**Excerpted records:**

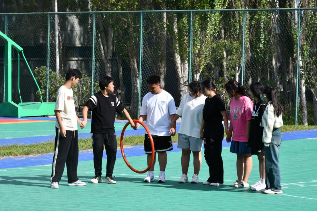 接下来进行的项目是“一圈到底”。这项活动需要大家手拉手排成一排,参赛选手们通过自身摆动使呼啦圈依次穿过自己的身体,用时最短的队伍将获得最后的胜利。各班代表队派出的参赛选手们兴致勃勃,积极尝试,一开始总是不得要领,屡屡失败,但是同学们并不气馁,选手们一次次的探索、彼此间一句句的鼓励,都成为最终获得成功的基石。同学们在场地上你争我赶、说说笑笑,青春欢快的笑声飘荡在场地上空。
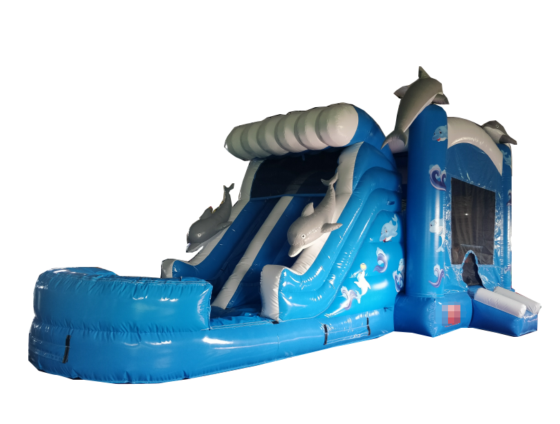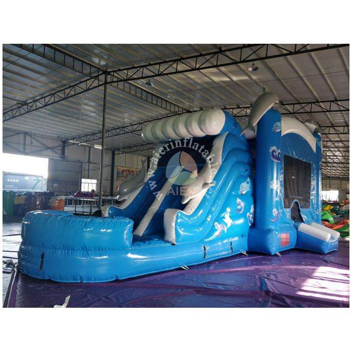 Castillo Inflable Comercial de Doble Carril con Tobogán y Piscina, Diseño Delfín Azul, Precio de Fábrica, para Fiestas y Eventos Infantiles de Verano
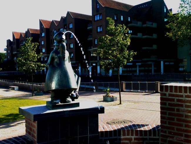 Bei diesem Anblick muss man unwillkürlich die Füße einziehen, sonst spuckt er genau darauf. Der Bältermann – das Spuckmänneken von Kleve – ist wieder voll in Aktion und rotzt dem Vorübergehenden spöttisch seine Wasser-Intervalle entgegen. Insider wissen natürlich, daß es in der Realität eine braune Soße war, die vom Kautabak stammte. IIIEEEHHH! 😉
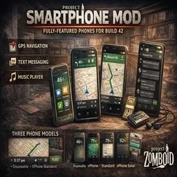 Полнофункциональный смартфон для Project Zomboid Build 42. Телефоны можно найти в домах, офисах и магазинах. Они позволяют перемещаться по карте, обмениваться сообщениями с другими игроками и использовать дополнительные функции.
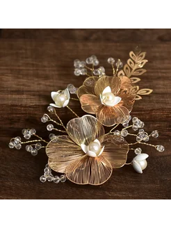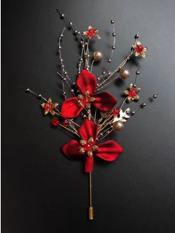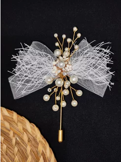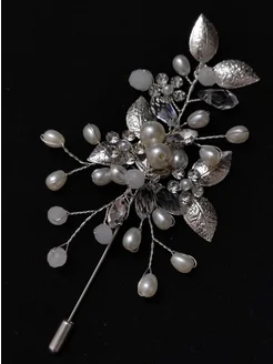Бутоньерка для жениха свадебная с бусинами металлическая

**To do:** Retype the whole listing word for word. Skip the pictures.

**Task output:**
 接下来进行的项目是“一圈到底”。这项活动需要大家手拉手排成一排,参赛选手们通过自身摆动使呼啦圈依次穿过自己的身体,用时最短的队伍将获得最后的胜利。各班代表队派出的参赛选手们兴致勃勃,积极尝试,一开始总是不得要领,屡屡失败,但是同学们并不气馁,选手们一次次的探索、彼此间一句句的鼓励,都成为最终获得成功的基石。同学们在场地上你争我赶、说说笑笑,青春欢快的笑声飘荡在场地上空。
 Castillo Inflable Comercial de Doble Carril con Tobogán y Piscina, Diseño Delfín Azul, Precio de Fábrica, para Fiestas y Eventos Infantiles de Verano
 Bei diesem Anblick muss man unwillkürlich die Füße einziehen, sonst spuckt er genau darauf. Der Bältermann – das Spuckmänneken von Kleve – ist wieder voll in Aktion und rotzt dem Vorübergehenden spöttisch seine Wasser-Intervalle entgegen. Insider wissen natürlich, daß es in der Realität eine braune Soße war, die vom Kautabak stammte. IIIEEEHHH! 😉
 Полнофункциональный смартфон для Project Zomboid Build 42. Телефоны можно найти в домах, офисах и магазинах. Они позволяют перемещаться по карте, обмениваться сообщениями с другими игроками и использовать дополнительные функции.
Бутоньерка для жениха свадебная с бусинами металлическая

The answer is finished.